Por sus usos industriales, espirituales, medicinales, alimentarios y recreacionales, la historia del Cáñamo es indisociable de la historia de las grandes civilizaciones y culturas de la  Humanidad.

Se cree que el Cáñamo es originario de Asia Central abarcando extensos terrenos que iban desde Anatolia y el Mar Caspio hasta planicies del Tíbet. Por su enorme valor hizo que el cultivo de esta planta se extendiese rápidamente entre los pueblos  de Asia, Europa y África.

La arqueología y evidencias lingüísticas atestiguan sobre el cultivo y uso del Cáñamo en las culturas antiguas: en Sumeria, Egipto, China, India, Persia, Fenicia, Grecia, o Roma.

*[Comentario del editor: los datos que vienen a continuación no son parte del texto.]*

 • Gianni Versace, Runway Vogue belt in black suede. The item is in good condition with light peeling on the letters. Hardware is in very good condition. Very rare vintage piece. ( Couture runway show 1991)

Restos arqueológicos sugieren que ya en el paleolítico, (120,000 AC) se usaba el Cáñamo en ceremonias rituales. Existen pruebas materiales que apuntan al uso del Cáñamo en Europa como fuente de fibra por lo menos ya en el 27,000 AC.

En la Edad Media el Cáñamo también fue un cultivo fundamental en todo el Mundo. En Europa su uso médicinal fue de alguna manera despreciado, manteniendo únicamente sus usos industriales. Mucho tuvo que ver en esto la postura de la Iglesia y en concreto la bula del papa Innocencio VIII “El Martillo de las Brujas” que clasificó al Cánnabis como “un sacramento impío» y cuyo uso tendría como pena la excomunión.

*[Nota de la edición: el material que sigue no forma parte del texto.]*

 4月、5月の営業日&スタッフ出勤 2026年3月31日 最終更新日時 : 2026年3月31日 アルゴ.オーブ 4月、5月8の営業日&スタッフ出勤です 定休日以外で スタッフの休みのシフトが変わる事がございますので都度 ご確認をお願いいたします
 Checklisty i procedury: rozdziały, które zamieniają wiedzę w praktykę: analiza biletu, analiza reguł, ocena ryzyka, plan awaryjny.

En el resto del Mundo conocdio la tradición milenaria del uso integral de la planta del Cáñamo se mantuvo vigente, y en la era de los descubrimientos europeos de ultramar, los navegantes y aventureros se re-encontraron con esta planta y la re-introdujeron en la farmacopea europea.

En el continente americano, el Cáñamo fue introducido inicialmente por los navegantes y exploradores españoles y portugueses que lo cultivaron para la obtención de fibras. Más tarde, la importación de esclavos africanos, conocedores de las propiedades psicoactivas de las flores, extendió el uso del Cáñamo como tónico espiritual y medicinal.

En el proceso de formación de los Estados Unidos el Cáñamo fue un cultivo estratégico y en algunas colonias las primeras leyes sobre el Cáñamo obligaban a los propietarios de tierras a plantar Cáñamo para la obtención de fibras y grano. También variedades específicas del Cáñamo fueron ampliamente usadas y recetada por los boticarios americanos durante décadas.

A pesar del extendido uso del Cáñamo en los Estados Unidos, en 1937, como potencia hegemónica mundial renunció a esta planta y promulgó una prohibición internacional con objeto de favorecer el desarrollo de ciertas industrias nacientes sobre las que podría establecer un férreo control: petroquímica, farmacéutica, textil o papelera.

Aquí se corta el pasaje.